Encontra-se em Santo Ambrósio uma descrição curiosa da maneira como se administrava o sacramento do batismo nos primeiros séculos da Igreja. 22 O dia escolhido para a cerimônia, era o sábado de Aleluia. Começava-se, tocando os narizes, e abrindo as orelhas do catecúmeno, dizendo ephpheta “abri-vos”. Depois, levavam-no ao Sancta Sanctorum. Em presença do diácono, presbítero, e bispo, abjurava as obras do demônio. Voltado para o ocidente, símbolo das trevas, abjurava o mundo; para o oriente, símbolo da luz, significava a sua aliança com Jesus Cristo. Então o bispo benzia o banho, cujas águas, segundo Santo Ambrósio, simbolizam os mistérios da Escritura: criação, dilúvio, a passagem do mar vermelho, a nuvem, as águas de Mara, Naamã, e o paralítico da piscina. Adoçadas as águas pelo sinal da cruz, mergulhavam nelas, três vezes, o catecúmeno, em honra da Trindade, ensinando-lhe que três coisas dão testemunho no batismo: água, sangue, e espírito.
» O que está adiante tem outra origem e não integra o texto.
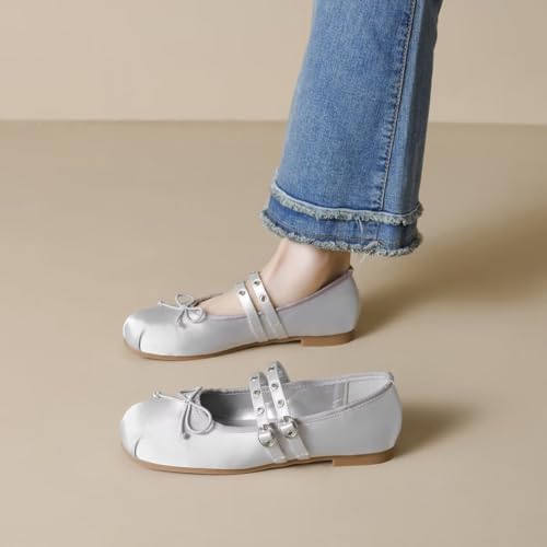LUXINYU Women Bowknot Mary Jane Satin Ballet Flats Square Toe Double Strap Casual Party Dress Shoes 7
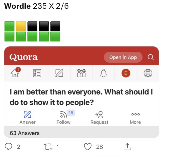 (第二次就猜中正确答案=“I am better than everyone” 图源 Twitter)
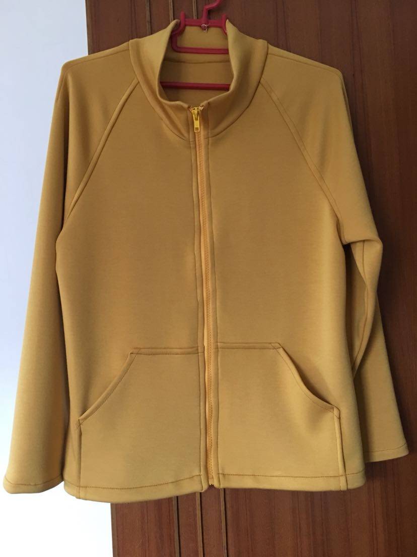 最近给老公做了一套棒球服,又做了二件姜黄色的休闲春装和二条直筒裤,和姐姐一人一套,大家帮我参考一下,黄色上衣要不要贴LOGO
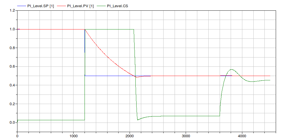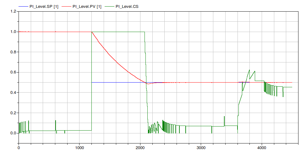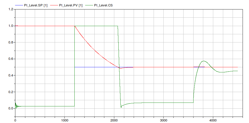 In the first phase the controller is asked to maintain the level at the initial value (SP = 1 m), at t = 1200 s the level set point
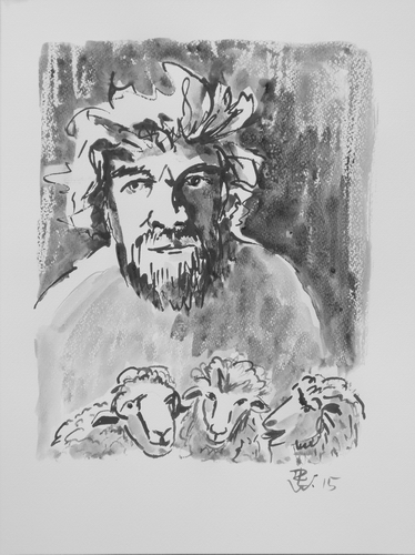 Der wilde Enkidu / The wild Enkidu Tuschezeichnung mit Rohrfeder und Pinsel/ Drawing with ink and reed pen and brush 40 x 30 cm, 2016
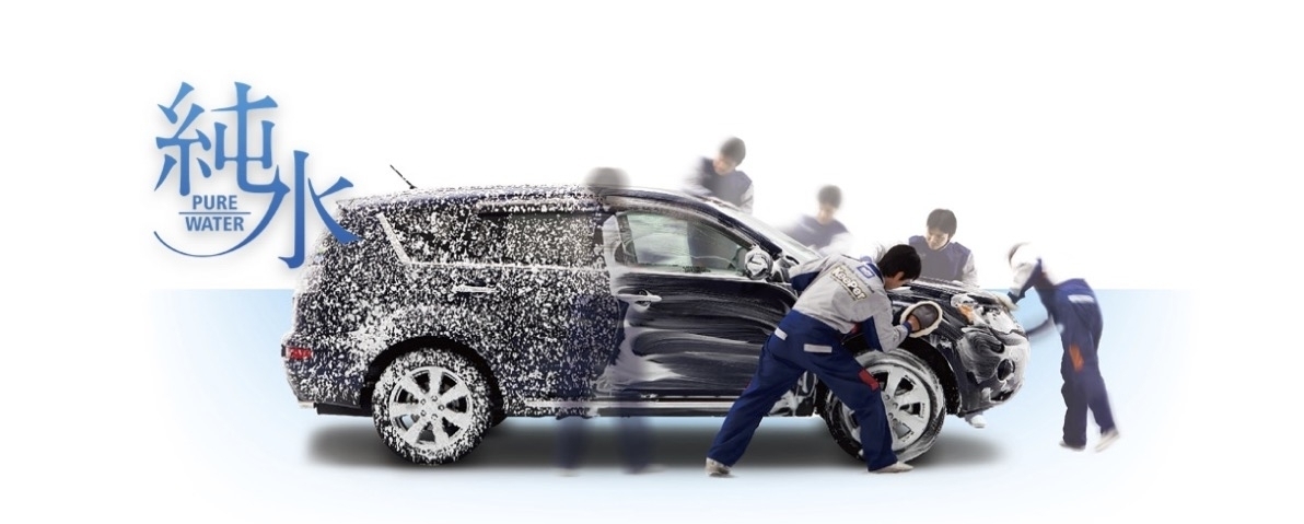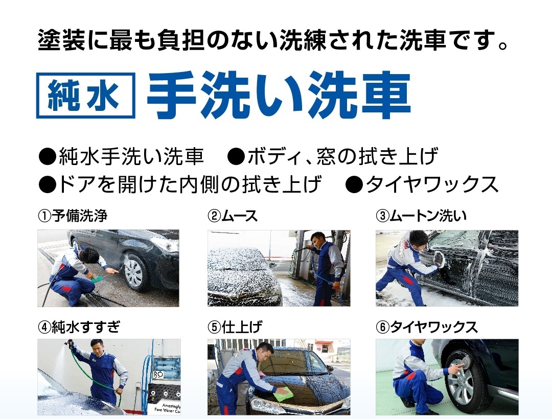 当店の手洗い洗車は、「ムース(泡)洗車」です。 この「ムース」の泡は、洗浄力のためのシャンプーではなく、クッションとすべり剤の役割を果たす「ムース(泡)」で、砂ボコリなどの摩擦から、やさしくお車を守りながら、洗います。ちょうど、シェービングクリームのようなものです。 まれにある「シャンプー洗車禁止のコーティング車」にでも、(新車時のコーティングに、まれにあります。)「ムース手洗い洗車」なら、安心してお任せいただけます。また、当店では仕上がりにこだわった、「純水」を使用した洗車となります。「純水」とは水道水の中に溶け込んでいるナトリウムやマグネシウムなどをほぼ完全に除去したピュアな水のことです。 【純水洗車のメリット】 純水は、白くなるミネラルを除去しているので、透明感を持つ仕上がりとなります。 摩擦をほとんど与えないので、塗装はもちろん、コーティング膜を痛めることがありません。 純水では、「水シミ」となるミネラルを除去しているので、シミの原因を残しません⇩⇩⇩
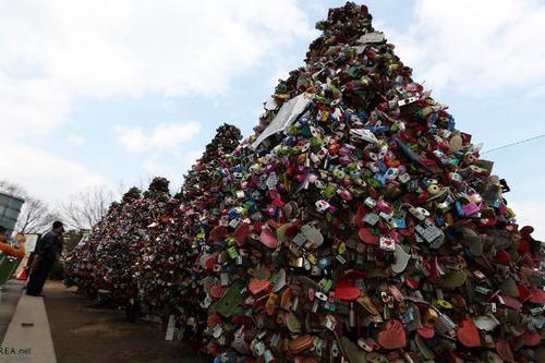 韓國ソウルの南山公園內(nèi)にあるNソウルタワーの名物も「愛の南京錠」。Nテラスの柵には、永遠(yuǎn)の愛を誓ったカップルが掛けた無數(shù)の南京錠がある。同タワーの展望臺からは、ソウル市內(nèi)全體を見渡すことができる。また、南京錠のカギを入れるための「愛のポスト」も設(shè)置されている。
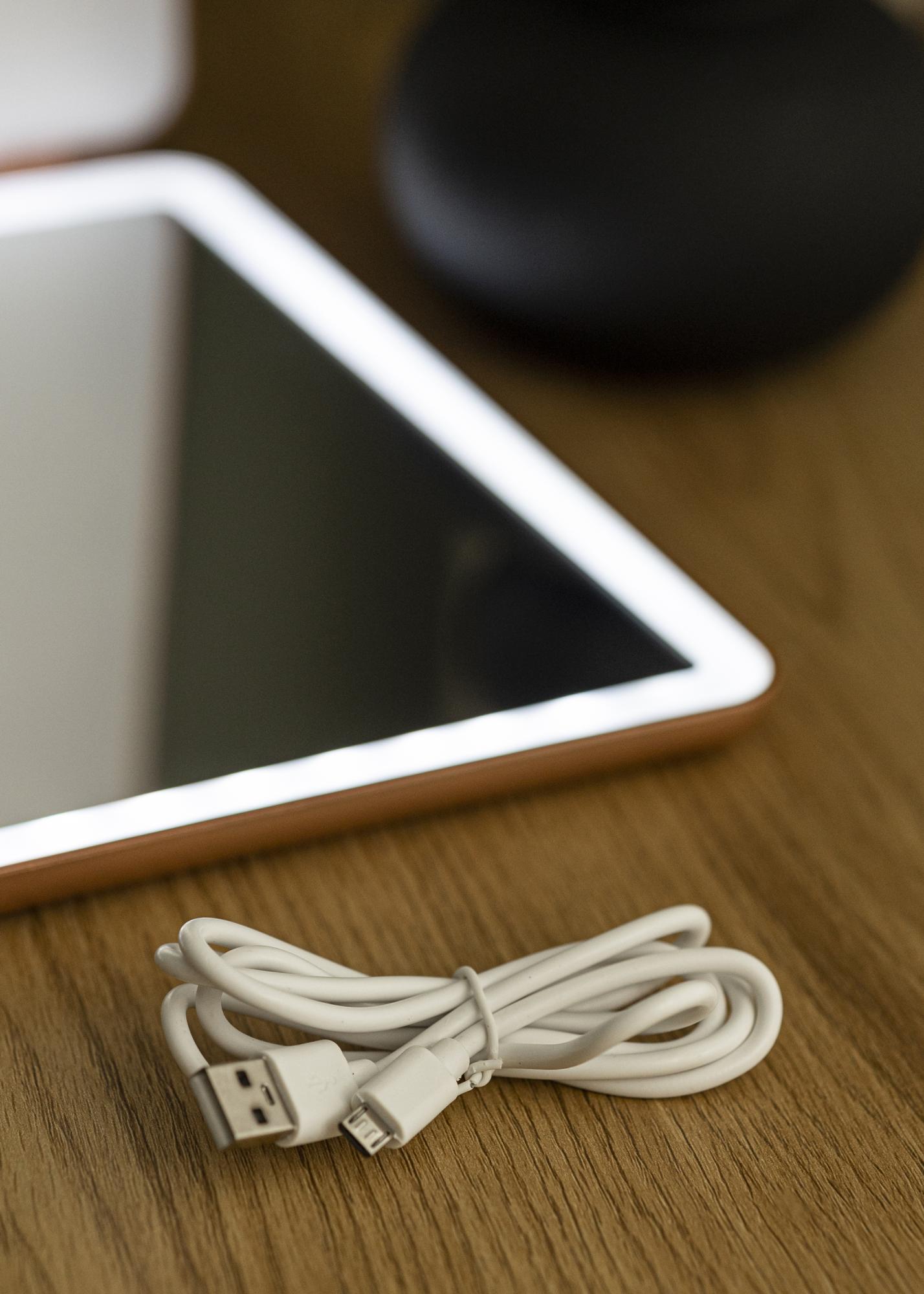 Zabudovaná LED páska poskytuje príjemné svetlo pri pohľade do zrkadla. Osvetlenie je napájané z integrovanej batérie, ktorá sa jednoducho nabíja cez USB pripojenie. Zrkadlo je vybavené dotykovým tlačidlom, ktoré sa používa na zapnutie a vypnutie osvetlenia a na stlmovanie svetla. Ak zrkadlo zatvoríte, keď je zapnuté, automaticky sa prepne do úsporného režimu a svetlo sa vypne, až kým zrkadlo opäť neotvoríte.

Ao saírem do Sancta Sanctorum, o bispo ungia na cabeça o homem renovado, consagrando-o assim à raça eleita e à nação sacerdotal do Senhor; depois, lavavam-lhe os pés, vestiam-no de branco, como trajo de inocência; feito isto, recebia no sacramento da confirmação o espírito do temor de Deus, espírito de sabedoria e inteligência, espírito de conselho e força, espírito de doutrina e piedade. O bispo, em voz alta, proferia estas palavras do Apóstolo: Deus pai te há marcado com o seu selo; Jesus Cristo, Nosso Senhor, te confirmou, e deu ao teu coração as arras do Espírito Santo.

O novo cristão ia, em seguida, ao altar, receber o pão dos anjos, dizendo: Entrarei no altar do Senhor, do Deus que alegra a minha juventude. À vista do altar coberto de vasos de ouro, de círios, flores, e estofos de seda, o neófito exclamava com o profeta: Pusestes diante de mim uma mesa; é o Senhor quem me alimenta; nada me faltará: pôs-me em abundante repasto. Finalizava a cerimônia pelo sacrifício da missa. Quão grandiosa não devia ser a festa em que um Ambrósio dava ao pobre inocente o lugar que refusara ao imperador culpado! Se, neste primeiro ato da vida cristã, não há divina mescla de teologia e moral, de mistério e simplicidade, nada em religião há divino.

22 Ambros., de Myst. Tertuliano, Orígenes, S. Jerônimo, Santo Agostinho, também falam do batismo, porém com menos miudezas que Santo Ambrósio, É nos seus livros dos sacramentos, falsamente atribuídos a este padre, que se lê a circunstância das tais imersões e do toque nas ventas, que referimos no texto.